Wave reality is dedicated to exploring the idea that the quantum wave function is real, and not just a description of our state of epistemological ignorance. The reality of the wave function is strongly indicated by the classic double-slit experiment results, where some kind of spatially-distributed wave-like interference phenomenon seems to be influencing the trajectories of discrete particles. The pilot-wave framework of de Broglie and Bohm (Bohm, 1952; Norsen, 2022), which posits a real quantum wave function guiding a discrete particle around, very naturally and intuitively explains all of the otherwise strange phenomena in these and many other classic quantum physics experiments.
This website contains a work-in-progress wiki-like collection of documentation in support of the development of a computational model of the phenomenology of quantum electrodynamics (QED), starting with the coupled Dirac-Maxwell wave functions, along with discrete electron stochastic particles, consistent with the pilot-wave framework. This computational model is based on the cellular automaton framework, which is arguably the simplest way that physics could autonomously emerge in parallel, everywhere in the universe, all at once.
The primary goal of this project is to better understand the basic physics of electrons interacting with the electromagnetic field, and to try to sort through some of the notorious paradoxes and conceptual challenges that lie at the heart of quantum mechanics (QM). There is an easy-to-use GUI-based simulation software package (note: currently under development) that allows one to interactively explore various physics models, providing a concrete and hands-on level of understanding. This provides a different and potentially valuable set of tools for someone trying to learn more about how quantum physics actually works, which may result in quicker and deeper understanding than staring at equations :)
This project is fully committed to accounting for all the empirical data — there is no point in coming up with an elegant theory that is obviously false. We cannot impose our own aesthetic preferences onto Nature, and must humbly accept any irrefutable facts that have been reliably empirically established. However, there is a huge underexplored space of possible physical mechanisms that could account for all the data, while avoiding the kinds of obvious conceptual paradoxes that pervade the standard interpretations of quantum physics.
For example, Einstein famously rejected quantum mechanics because “God does not play dice with the universe” — that seems just a bit presumptuous. Indeed, a key element of the framework we develop here requires true randomness in the form of stochastic particles, and this one concession of nondeterminism can be traded in to retain several other more important (in my opinion) principles, such as a fundamental locality to physical mechanisms.
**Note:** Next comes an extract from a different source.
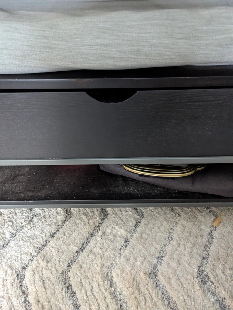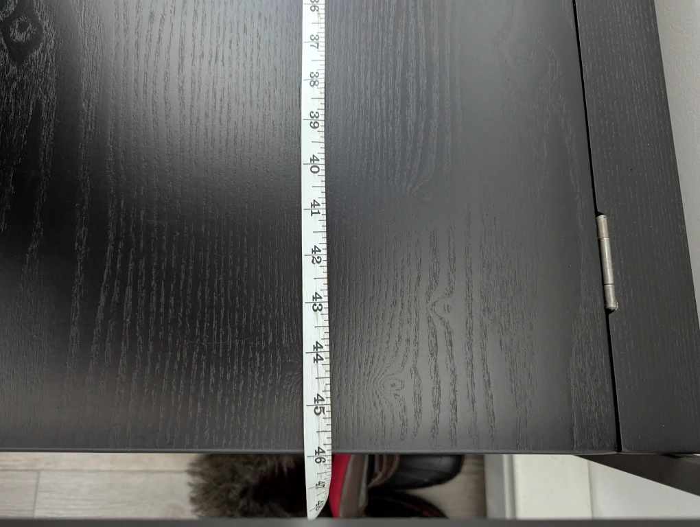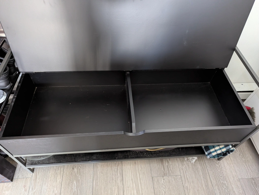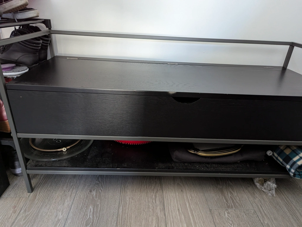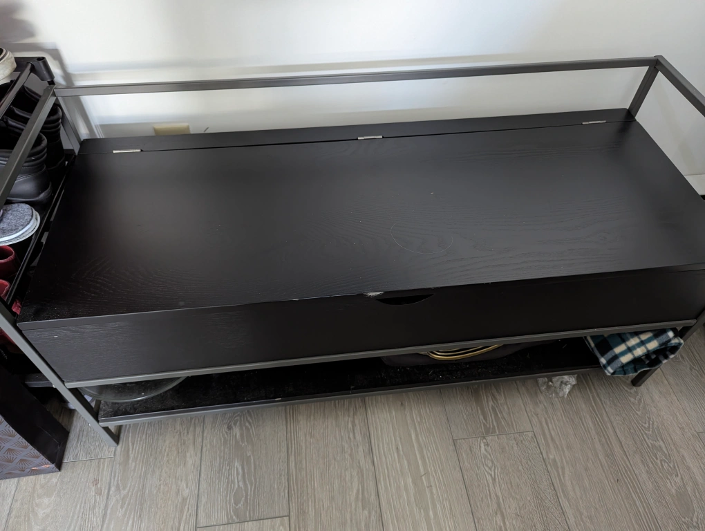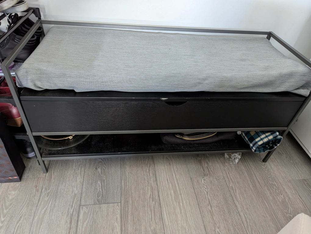 dark brown black storage bench that's about 46 inches wide! It's great for storing shoes or other items near the entrance of your home. It has a lift-up top seat for easy access to the storage space inside. I made a cushion with fabric and memory foam for a small small extra fee if you want

A critical conceptual foundation of this approach is to recognize the distinction between calculational tools versus physical models (Tools vs models). The widespread failure to understand this distinction underlies many of the apparently intractable puzzles in quantum physics, that can be seen as arising from specific choices of calculational tools. There are typically many different ways to calculate a prediction of an experimental result, but presumably Nature is not strategically selecting different calculational tools based on different configurations of elements.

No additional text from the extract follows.